A peça é não só primorosamente cuidada esteticamente mas eticamente. No entanto, não há excessos; não há, por exemplo, nenhuma espécie de pirotecnia técnica, tecnológica, ilusionista – como tão em voga ultimamente. O cenário é simples, o figurino também. Tal minimalismo, contudo, não só não impede como intensifica as possibilidades da linguagem do teatro. Pois é o texto, a atuação e a dança dos corpos no palco o que ganha ênfase, o que nos arrebata e faz com que esqueçamos todo o resto. E, por outro lado, faz com que nos lembremos de todo o resto lá fora do teatro, faz com que nos lembremos quão desconfortável é nossa situação, na cadeira (pela passividade) e no quadro político-social atual (pelo mesmo motivo). Desconforto indesejável, é claro, mas necessário, impelente. Desconforto, enfim, que não pode ser denegado. Desconforto que pode transformar, só ele, o indesejável, pelo caminho do desejo. Por isso tudo e mais um pouco, digo que o espetáculo Classe faz mais do que o esperado: ele dignifica a linguagem do teatro – e, por extensão, da arte. E ele também nos diz: temos o direito ao assombro.


Um de meus incômodos ao acompanhar peças teatrais em Belo Horizonte sempre foi o fato de o texto – pela própria condição da linguagem teatral – ser quase sempre vociferado, num certo excesso constrangedor que comprometia o “pacto ficcional” entre mim – espectadora – e a história a que assistia. No teatro, não se pode “falar baixo”, é preciso projetar a voz, que vez ou outra me parecia “microfonada” demais, exagerada, fake.
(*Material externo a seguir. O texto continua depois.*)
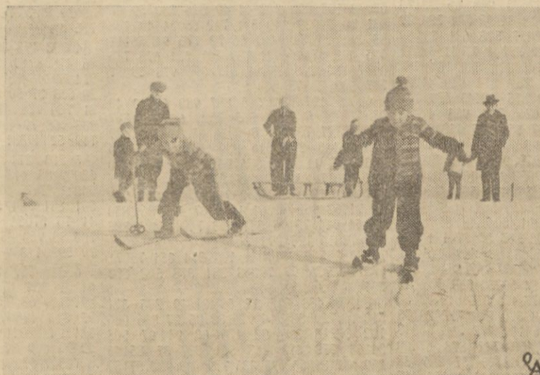
Wszyscy na narty — oto hasło, które chętnie wyznają nawet najmłodszy.
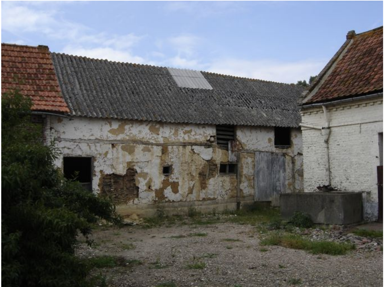
Vue de la grange.
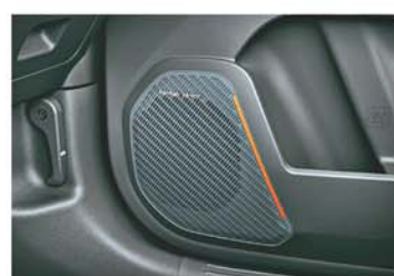
Harman Kardon Premium 8 Speakers Sound System
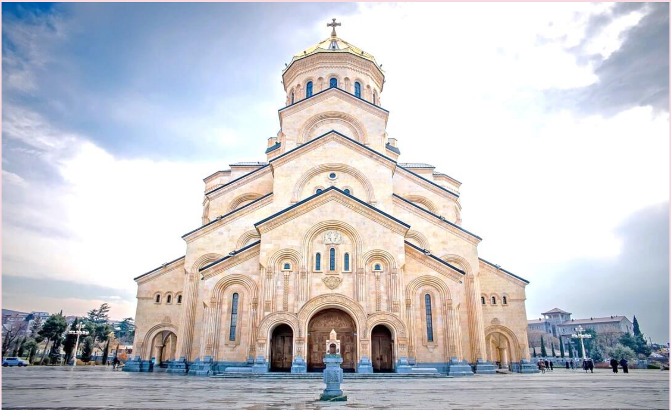
VGE64G9-1_ GEORGIA อลังการ จอร์เจีย ตะลุยสุดขอบเอเชีย 6 วัน 4 คืน (OCT - DEC)

นำท่านชม โบสถ์ทรินิตี้แห่งเมืองทบิลีซี หรือ วิหารศักดิ์สิทธิ์ของเมืองทบิลีซี เป็นโบสถ์หลักของคริสตจักรออร์ทอดอกซ์จอร์เจีย ตั้งอยู่ในทบิลีซีเมืองหลวงของจอร์เจีย สร้างขึ้นในระหว่างปี 1995 ถึง 1997 โบสถ์แห่งนี้ถือเป็นโบสถ์หลักในจอร์เจียที่มีความสูงอันดับ 3 ของโลก ด้านในโบสถ์ ผู้หญิงทุกคนจะต้องใช้ผ้าคลุมศีรษะตามหลักศาสนา โดยสืบเนื่องมาจากอิทธิพลของพระเยซูคริสต์ และปฏิบัติตามหลักการทางเทววิทยาอย่างไม่มี การเปลี่ยนแปลงมาตั้งแต่สมัยศาสนาคริสต์ยุคแรก
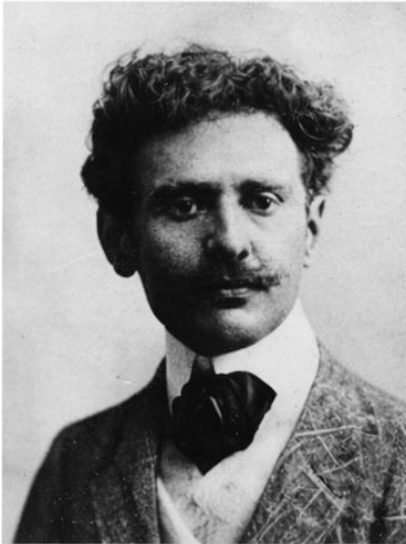
Retrato de Roberto de las Carreras
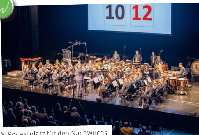
Liberty Brass Band am SBBW: Podestplatz für den Nachwuchs
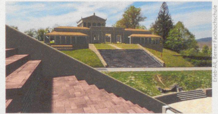
So sah der Schönbrühl-Tempel zur Römerzeit aus.

Moser Beat: «26mal Schweiz. Wissenswertes, Charakteristisches, Sonderbares» BEMO Verlag, Sissach 2021 ISBN 978-3-033-08506-0
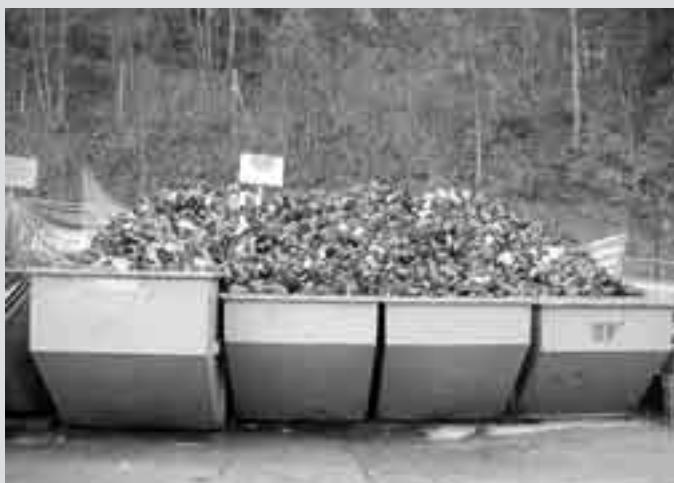
Na leto v občini zberemo 12 ton odpadne embalaže od sveč – trikrat toliko, kot jo je na fotografiji.
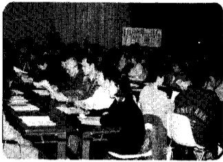
23日 文化協会総会 参加者数132名の皆さんから平成6、7年度の事業等を審議していただきました。
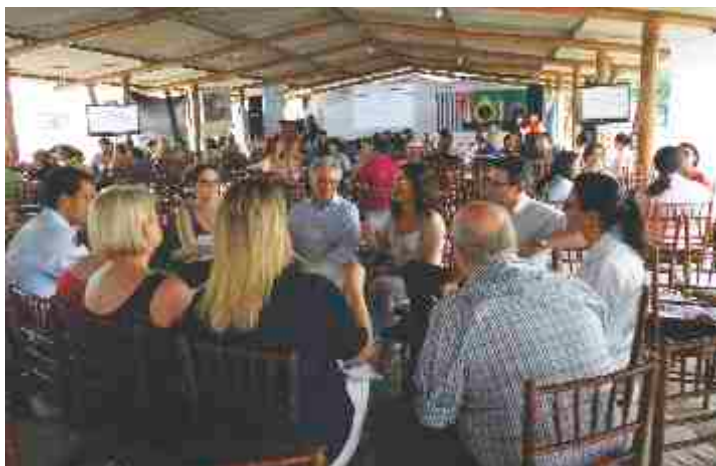
Os trabalhos em grupo envolvendo dirigentes e técnicos foram muito interessantes e possibilitaram a troca de experiência entre as equipes.

entidades de Assistência Social e a Socioaprendizagem”, foram debatidos aspectos técnicos (atendimento socioassistencial) e gerenciais das entidades do segmento, com os seguintes assuntos: ação da equipe de referência da assistência social, o trabalho com famílias nas entidades de atendimento, a legislação da assistência social e a prestação de contas das entidades, os riscos operacionais das entidades do terceiro setor e que atuam no âmbito da socioaprendizagem, e a motivação para o trabalho social.
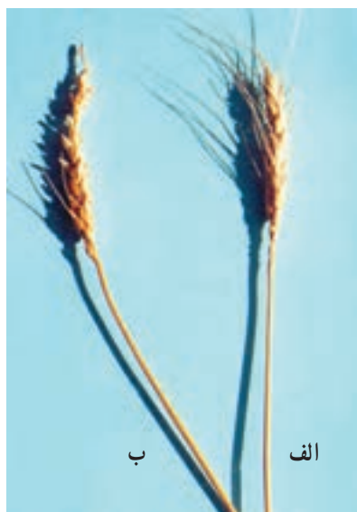
شکل ۱-۵۳- الف- گندم مقاوم در برابر ریزش، ب- گندم حساس نسبت به ریزش
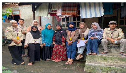
Gambar 2. Survei Lapangan.

Setelah melakukan analisis, hasil survei menunjukkan bahwa 42 dari 47 anak di antaranya mengalami stunting. Diantara 42 data anak stunting terdapat 55% laki – laki dan 45% perempuan. Dari data yang diperoleh, dapat diketahui bahwa 90% penyebab stunting pada anak disebabkan oleh pola makan dan pola asuh orang tua. Dari segi ekonomi, kondisi finansial orang tua anak-anak tersebut tercukupi. Berikut adalah hasil survei anak yang mengalami masalah stunting berdasarkan jenis kelamin.
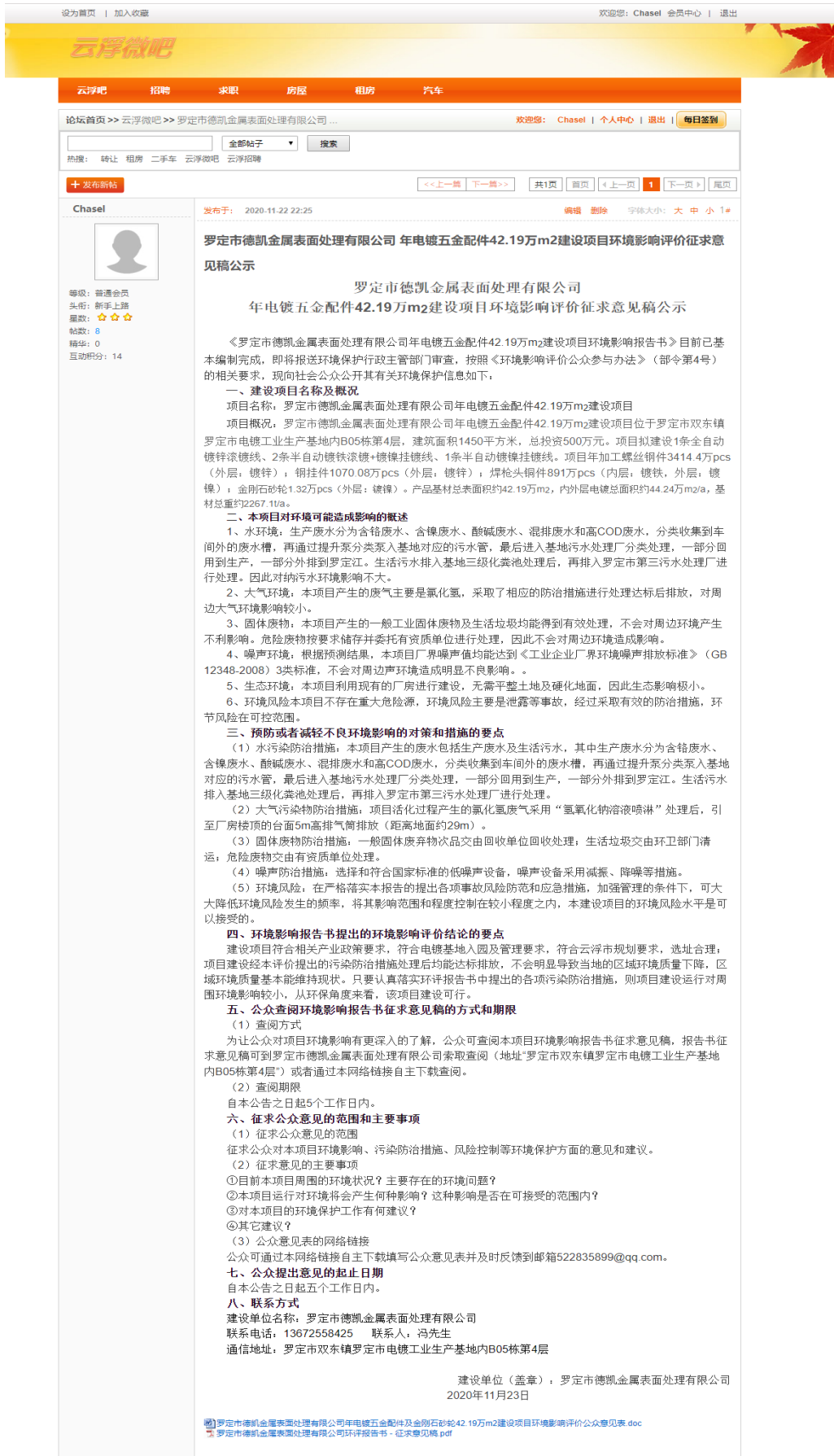
图 2 第二次网络公示截图
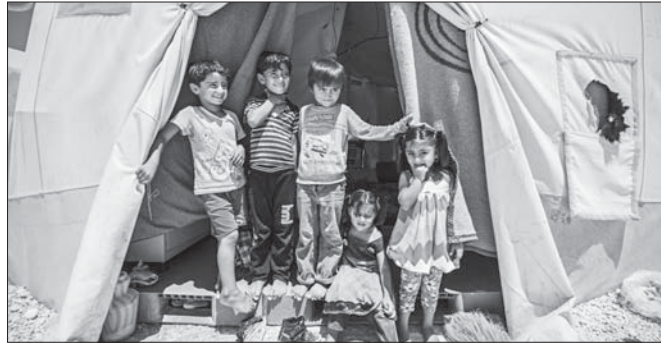
اللاجئون السوريون في المخيمات التركية يستعدون لاستقبال عيد الفطر

العيد يعني أن تكون معاً، أما نحن فبعبودين عن منزلنا وأقاربنا، مضى علينا وقت طويل ونحن هنا، لقد تعودنا على المكان، لا تزال نجهز لعيدنا.
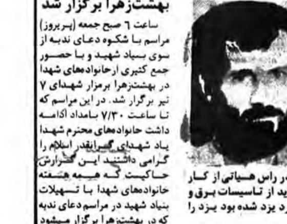
وزیر نیرو اعلام کرد: کامبود برق استان یزد بزرودی بر طرف گشایش یافت

دعای کمیل در شهرهای استالیا برگزار شد دعای کمیل در شهرهای استالیا برگزار شد
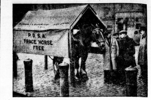
Tierliche bei Tat Ein wahrer Tierfreund hat sich diese Hilfe für Londoner Pferde erachtet: In Tower-Hill, einer Straße an dem berühmten Londoner Gefängnis, steht ein Zugpferd bereit, das eingesperrt wird, wenn es dem Wegs kommendes Pferdegespann nicht über den Berg kommt. Das Pferd steht unter einem Zeltdach geschützt.

Der 7. Juni des Jahres 1692 Da trat einer der Piratenführer vor: „Sör mal, Pirater, wenn dir das Leben lieb ist, mach keine Handlungen mehr. Galle uns einmal in der Wüste eine antwortende Predigt, wir werden uns nicht mehr mit dir anfechten. Holt du mich verstanden?“ „Pirater und Mörder.“ — Er sprach es nochmal aus und schaute auf den Mann, der ihm ein zweites Wirtelgeschuß seine Worte wieder aus, und er laut lachend auf der Kasse aufwanden. Seine letzten Kräfte sammelte, sprach er mit erhobenen Händen die Worte: „Gott, verhöre die Stille, wie zu einm Erdum und Gomborra gerührt hat! Mehr als fünf Jahre verdingen. Niemand dachte mehr an die Mordtaten dieses Piraters.“ Port Royal war reicher und verwehrteter denn je. Da tauchte der Morgen des 7. Juni 1692 aus der Nacht
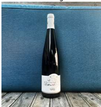
Pinot Gris Steinweig - 2019
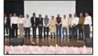
વરાછાબેંક અને સુરત નેશનલ બેંકના સંયુક્ત ઉપક્રમે યોજાયેલ 'સહકાર ગૌરવ અભિવાદન સમારોહ'માં ઉપસ્થિત સહકાર જગતના મહેમાનશ્રીઓ સાથે વરાછાબેંકના હોદ્દાદારશ્રીઓ
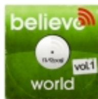
World Vol. 1 (Believe)
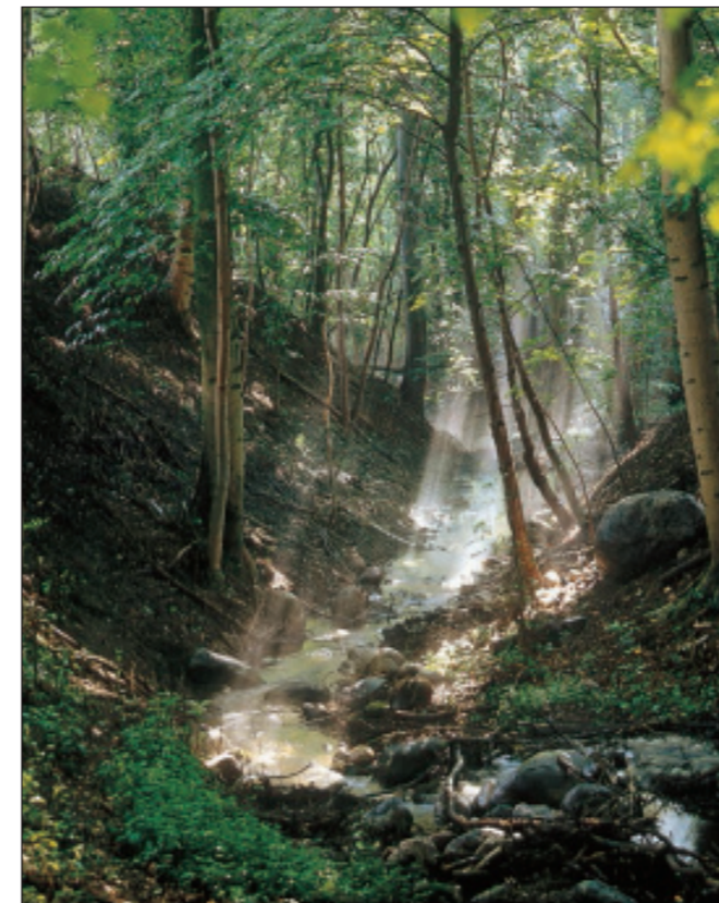
In einer Schlucht bei Klocksinn
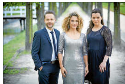
Das Trio „Pariser Flair“.

Besucher:innen werden dabei en passant mehr über die Risiken der Audienz des Komponisten Leonard Bernstein bei Papst Paul IV. erfahren und über die Haustiere und die Hausdame seines Kollegen Andrew Lloyd Webber, denen doch ganz entscheidende Einflüsse auf das Werk zugebilligt werden müssen. Und über die Unverwüstlichkeit des Mutterwitzes von Cole Porter. Die Musicalgala bietet einen unvergesslichen Abend im Stile des New Yorker Broadways und des Londoner West Ends, nicht zu vergessen Paris und Wien, einen Abend voller Glanz und Glamour! Die Veranstaltung in der Stadthalle Gernsbach beginnt um 20 Uhr, Einlass ab 19.15 Uhr.
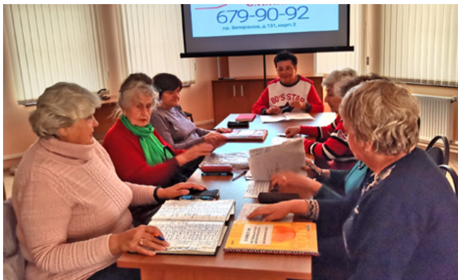
Заседание актива Совета ветеранов МО Сосновая Поляна

В помещении Общественной приемной ежемесячно во второй и четвертый четверг с 14 до 16 часов проводились приемы граждан Советами ветеранов № 1, 6, 7 МО Сосновая Поляна.
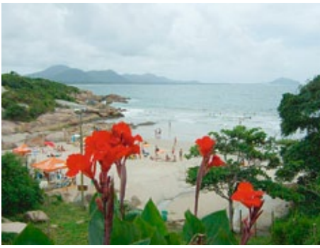
Blick aufs Meer: Porto Feliz erhielt seinen Namen von den deutschen Gründern

genauer gesagt von Idar-Oberstein im Hunsrück.“
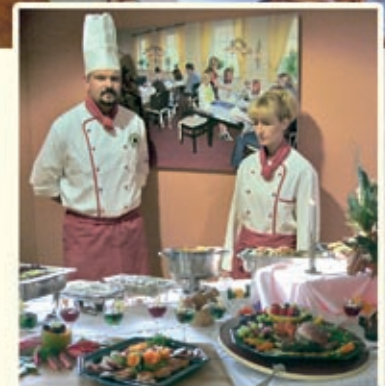
Küche - der Cefkoch präsentiert ein Buffet
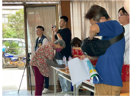
圖二、各機關單位及民眾報到
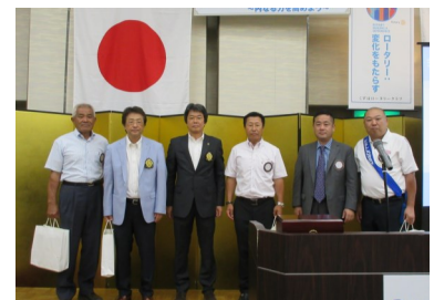
(左から)北川会員、岡山会員、山口会長 米田会員、山本会員、田中商人会員
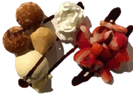
Heiße Sesam- und Reisbällchen an Vanilleeis und frischen Erdbeeren, Schokoladensauce, Sahne
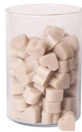
Cod: 4603/To Des: Sapone cuore piccolo (pz120) tortora Note: 3x2,5x1,7
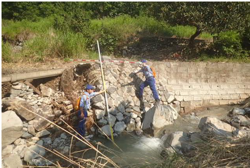
被災状況調査(東広島市)
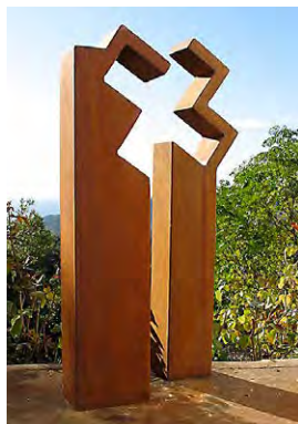
Open Cross udført af Pierre Oliver

Marmorfrisen fra 1931 bærer navnene på Odense Valgmenigheds præster gennem tiden, disse har hver især i deres tid bidraget til kirkens liv. Menighedens
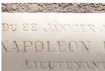
Napoléon Bonaparte est il originaire de Bonifacio ?
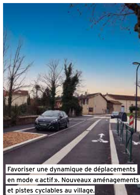
Favoriser une dynamique de déplacements en mode « actif ». Nouveaux aménagements et pistes cyclables au village.
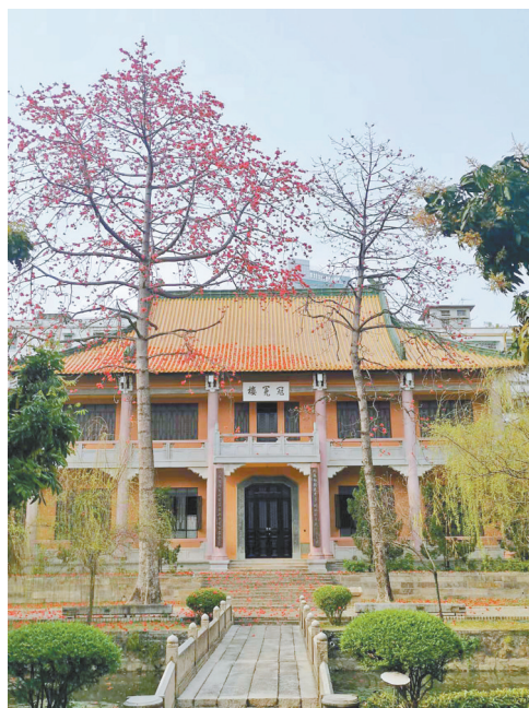
▲ 广雅本部冠冕楼 ▼ 广雅花都校区冠冕楼
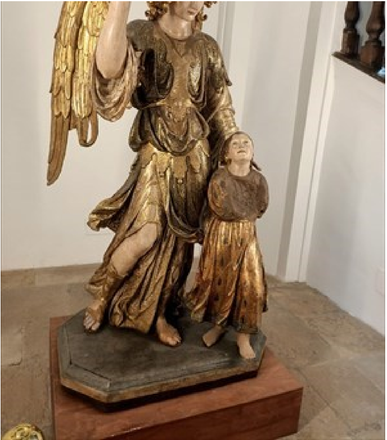
Angelo in estofado de oro © ArcheoBarletta

I n occasione delle Giornate Europee del Patrimonio che si svolgeranno il 25 e 26 settembre 2021 , ArcheoBarletta a.p.s. propone Scrigni e Tesori Restart , un appuntamento culturale “on site” che coinvolge il Real Monte di Pietà (attuale Prefettura) e la vicina chiesa di S. Michele .
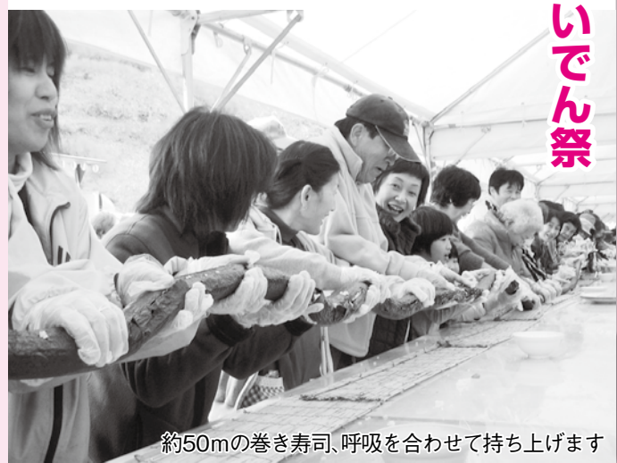
約50mの巻き寿司、呼吸を合わせて持ち上げます

11月15日、「萩往還 ささなみおいでん祭」が旭活性化センター周辺を会場に開催されました。 「わっしょい！わっしょい！」元気なかけ声で子ども御輿が入れ場し、おいでん祭が始まりました。「エコぞうりづくり体験」、「ロング巻寿司大会」など多くのイベントがあり、参加者で賑わいました。祭りの最後には、「まつたけ」「天然うなぎ」「ささなみ米」など、佐々並の味覚が堪能できるお楽しみ大抽選会ともちまきが行われ、来場者は祭りを楽しみました。

Em Classe, no entanto, redignificou-se, para mim, a linguagem do teatro, não porque falou baixo, mas porque soube gritar, porque soube, assim, deixar cair a verdade aos nossos pés. Colhi-a. Continuo colhendo-a. Porque essa peça pede um gesto a’mais, como quem diz: “colha essa verdade aos seus pés, e faça algo com ela”. “Levante-a como quem levanta um ramo de oliveira”. Então, pude sair daquela sala como quem sai com esse problema novo – e muito antigo –, como quem sai de um estado de apatia que só reforça o estado das coisas. Saí da sala onde o espetáculo foi encenado com a sensação de que o que se passou ali tinha mais verdade do que o que vem se passando cá fora. Saí, enfim, com a sensação crua de que eu tinha algo a fazer e, sabendo que isso não é pouco, saí, ainda, reconciliada com o teatro, com o teatro de Belo Horizonte, com o teatro em geral.


Classe promove um giro sobre a própria linguagem, uma vez que encena o grito que deveras tem, o grito engasgado do espectador, o grito de todos e de ninguém.